Slowness on iterating over namedtuple and dicts for defined pairs

Question

This code runs quickly on the sample data, but when iterating over a large file, it seems to run slowly, perhaps because of the nested for loops. Is there any other reason why iterating over items in a defaultdict is slow?

import itertools

sample_genes1={"0002":["GENE1", "GENE2", "GENE3", "GENE4"],
               "0003":["GENE1", "GENE2", "GENE3", "GENE6"],
               "0202":["GENE4", "GENE2", "GENE1", "GENE7"]}

def get_common_gene_pairs(genelist):
    genedict={}
    for k,v in sample_genes1.items():
        listofpairs=[]
        for i in itertools.combinations(v,2):
            listofpairs.append(i)
            genedict[k]=listofpairs
    return genedict

from collections import namedtuple,defaultdict
def get_gene_pair_pids(genelist):
    i=defaultdict(list)
    d=get_common_gene_pairs(sample_genes1)
    Pub_genes=namedtuple("pair", ["gene1", "gene2"])
    for p_id,genepairs in d.iteritems():
        for p in genepairs:
            thispair=Pub_genes(p[0], p[1])
            if thispair in i.keys():
                i[thispair].append(p_id)
            else:
                i[thispair]=[p_id,]
    return i

if __name__=="__main__":
    get_gene_pair_pids(sample_genes1)

One of the first things you should do to solve problems like this is profile your code. See [_How can you profile a Python script?_](http://stackoverflow.com/questions/582336/how-can-you-profile-a-python-script) to find out how easy it is. — martineau, Jan 10 '17 at 23:10

Jean-François Fabre · Accepted Answer · 2017-01-10T21:49:56.827

One big problem: this line:

if thispair in i.keys():

doesn't take advantage of dictionary search, it's linear search. Drop the keys() call, let the dictionary do its fast lookup:

if thispair in i:

BUT since i is a default dict which creates a list when key doesn't exist, just replace:

if thispair in i.keys():
    i[thispair].append(p_id)  # i is defaultdict: even if thispair isn't in the dict, it will create a list and append p_id.
else:
    i[thispair]=[p_id,]

by this simple statement:

i[thispair].append(p_id)

(it's even faster because there's only one hashing of p_id)

to sum it up:

don't do thispair in i.keys(): it's slow, in python 2, or 3, defaultdict or not
you have defined a defaultdict, but your code just assumed a dict, which works but slower.

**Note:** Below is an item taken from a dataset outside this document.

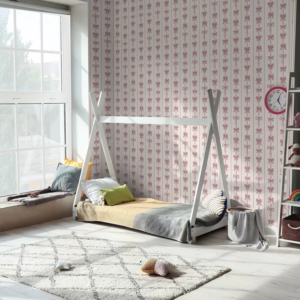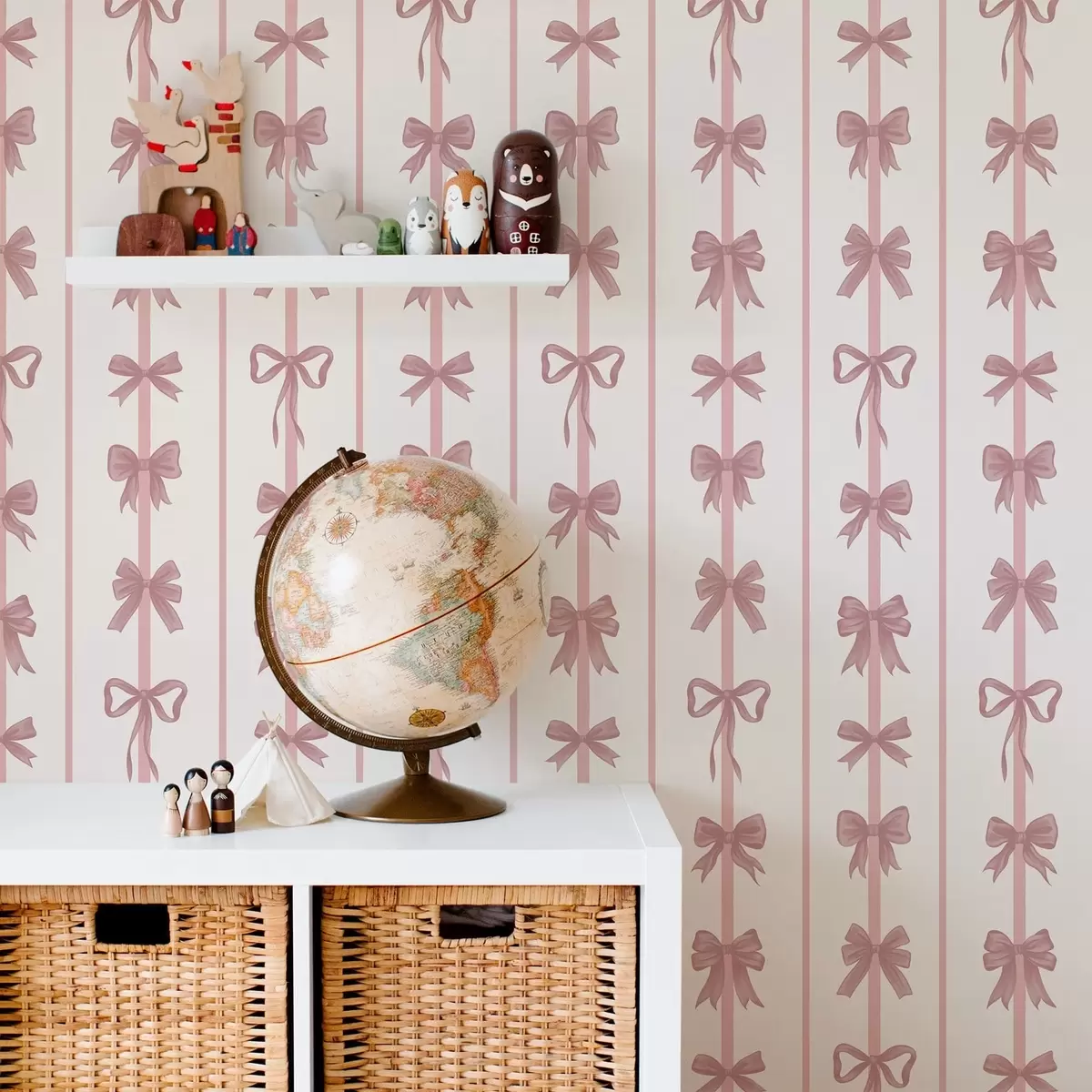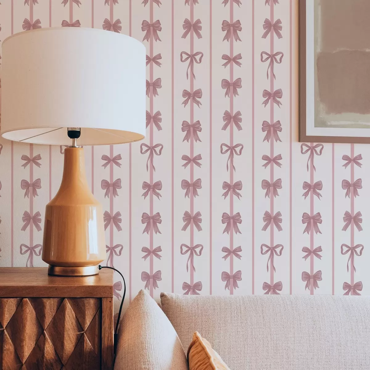Tapet Rosa sløyfer i vertikale striper på lys bakgrunn Nr. a01075
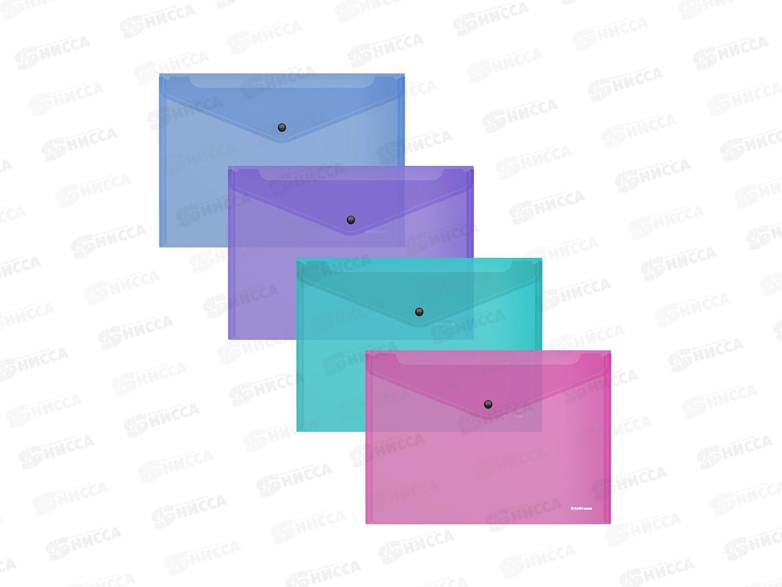 Папка-конверт пластиковая на кнопке EK Glossy Vivid А5+ п/прозр.,асс. 47121

Note: without defaultdict you could have just removed the .keys() or done this with a simple dict:

i.setdefault(thispair,list)
i[thispair].append(p_id)

(here the default item depends on the key)

Aside:

def get_common_gene_pairs(genelist):
    genedict={}
    for k,v in sample_genes1.items():  # should be genelist, not the global variable, you're not using the genelist parameter at all

And you're not using the values of sample_genes1 at all in your code.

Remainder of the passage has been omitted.